Soviet community activist (1912–1998)

Anatoly Kabayda (Анатолій Кабайда; also known as Anatoly Zhukivskii (Анатолій Жуківський) and Medved (Медвідь); 13 October 1912 – 28 May 1998) was a Ukrainian community and political activist.

==Youth==
Kabayda was born in the village of Pyharivka, Novhorod-Siverskyi (Chernigov Governorate). He emigrated with his parents to Poland, settling in Volyn where he completed his high school education in Lutsk, and continued studying architecture in Danzig (now the city of Gdańsk) from 1933 to 1937. Kabayda joined the Organization of Ukrainian Nationalists in 1929 in Lutsk, becoming a cell leader. On return from his studies he joined the Ukrainian Insurgent Army.

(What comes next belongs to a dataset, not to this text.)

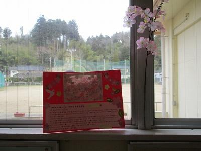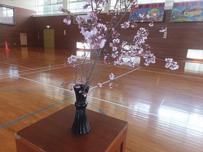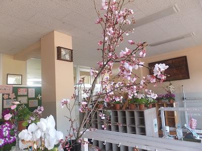 3/24 修了式の朝です。校務員さんが、ご自宅より桜の枝を持ってきてくださいました。
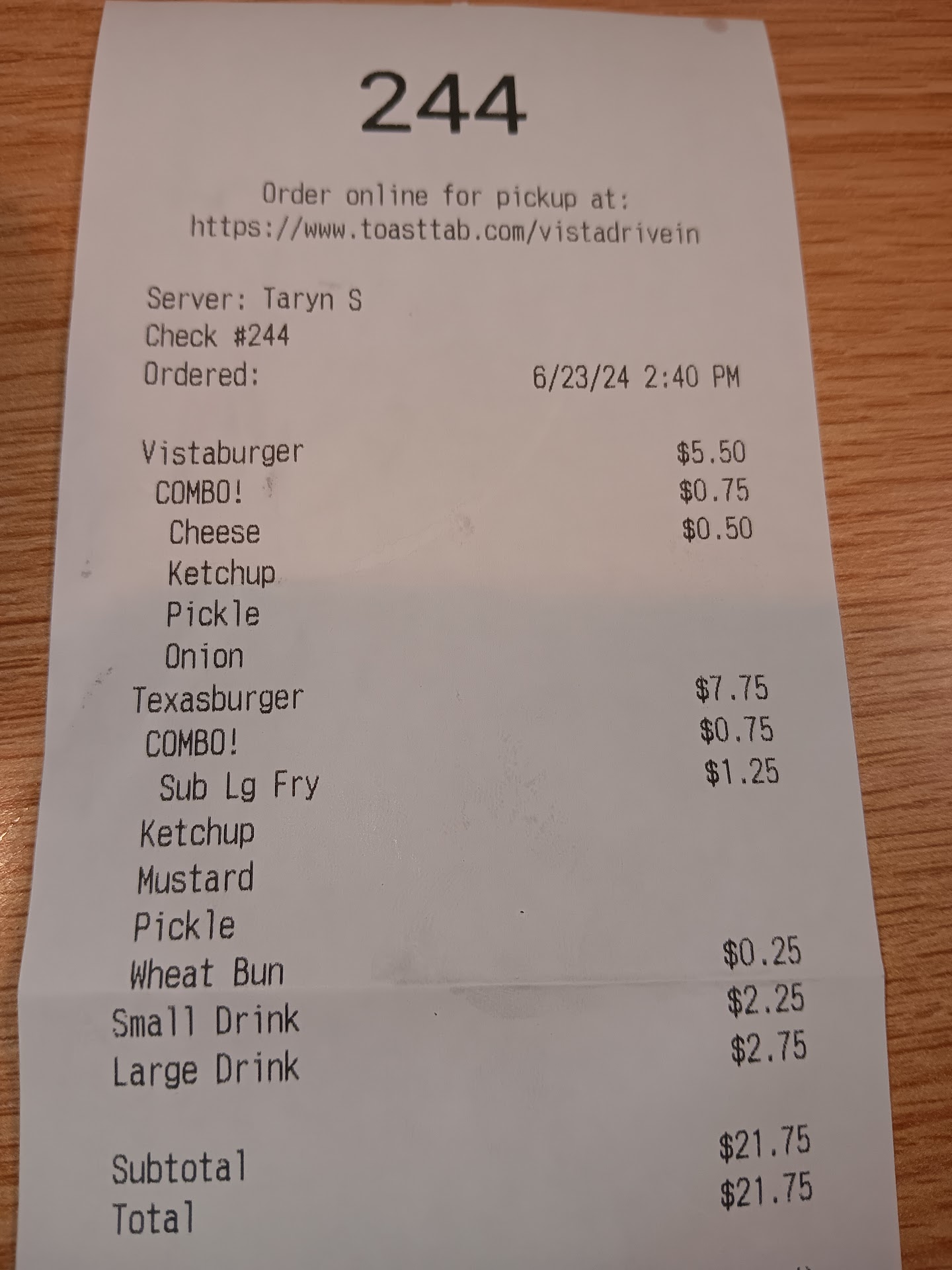 Read moreSo I love to eat here whenever I'm in town. The food is always consistently good. But today the young man that waited on me was just rude and acted like he had a problem with me because he asked me if I wanted to dine in or out. First I said dine in and quickly realized I didn't have as much time as I thought I had. So I said I'm sorry change that to go, but he had evidently already entered it for dine in. He got frustrated and showed his irritation to me and started to lay his head down on the counter. So I said hey, no worries, leave it for dine in. I can still just take it with me. Because I didn't want to be the cause of his frustration. But he looked back up at me with a very nasty look of disgust and frustration on his face. So I told him you look like you have a problem, I told you to leave it as dine in. It's not that big of a deal. He said in a negative tone, I dont have a problem. So I said we'll DONT have one with me. Out of my own irritation at the situation. So, I love going here and have never experienced this type of service before. But I post this so hopefully the owner will be aware and coach this young man...

== Activities during WWII ==
During the Nazi occupation of Ukraine, because of his fluent command of German, Kabayda was given the task of collecting intelligence in Kyiv by Taras Bulba-Borovetz. In Kyiv he fell into favour with the Germans initially as a translator then later becoming an officer in the occupational police. Kabayda became one of the organizers behind the formation of the Kyiv kuren. Later this formation joined up with the Bukovyna kuren in October 1941. From this combined group were formed detachments which became the Kyiv occupational police, the Hilfspolizei, later the Schutzpolizei. In August 1942 Kabayda became their commander.

The Schutzpolizei normally wore German uniforms, but for a short period at their formation wore Ukrainian insignia. In January 1942 the Ukrainian insignia was disallowed. Some members wore Soviet army uniforms with their insignia removed.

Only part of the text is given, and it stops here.